EU To Combat Latin American Drug Trade

EU To Combat Latin American Drug Trade

The European Union has agreed to expand its effort in combating drug trafficking and violence in Central and South America, reports AFP. The region is a major center for drug transit and desperately needs help combating the growing business of selling and consumption.

"The EU has expressed solidarity and a readiness to help tackle the security situation" in the region, Czech Foreign Minister Jan Kohout, whose country holds the rotating EU presidency, told reporters.

European ministers discussed issues ranging from crime to development cooperation with counterparts from Mexico, Chile, Central American countries associated in the System for the Central American Integration (SICA) and South America's MERCOSUR.

The EU feels the need to lend a hand in fighting the problem as most of the drugs that end up in Europe come from Latin America, explains Czech news service's Cesky Noviny.

Nicaraguan State Secretary Valdrak Jaetschke Whitaker told journalists today that Central America was not a direct producer of drugs, but it was a transit area between drug producers and their consumers from the EU and the USA.

The EU-Mexico Joint Council mentioned fight against narcotics and organised crime in a joint communique that stressed strategic partnership in many areas. Mexico and the EU consider fight against transnational organised criminal activities in all their forms a fundamental priority, the statement says.

This decision by the EU comes in the midst of the new US drug czar Gil Kerlikowske banishing the idea of a "war on drugs." In constrast to the EU, it Kerlikowske is ready to approch the country's drug problem with a more moderate approach, dealing with the problem as a matter of public health rather than criminal justice, as the Wall Street Journal reports.
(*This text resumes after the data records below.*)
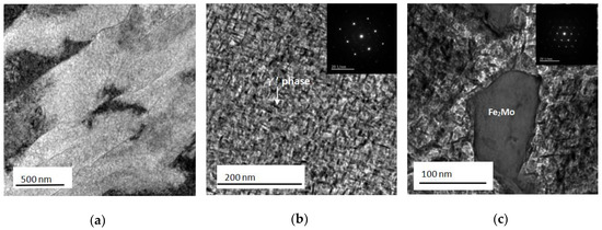 TEM microstructure of sealed top cover sample: (a) low magnification; (b) high magnification; (c) precipitated phase Fe2Mo morphology.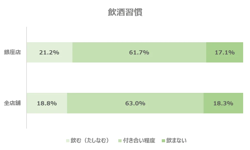 飲酒習慣に関しては全店舗と比較し、ほぼ変わらない結果となりました。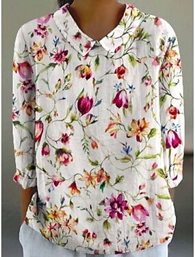 Naisten Paita Keinopuuvillainen pellava Pitkähihainen Paitapuserokaula-aukko Sininen Valkoinen Apila Kevät Syksy

In his first interview since being confirmed to head the White House Office of National Drug Control Policy, Gil Kerlikowske said Wednesday the bellicose analogy was a barrier to dealing with the nation's drug issues.

"Regardless of how you try to explain to people it's a 'war on drugs' or a 'war on a product,' people see a war as a war on them," he said. "We're not at war with people in this country."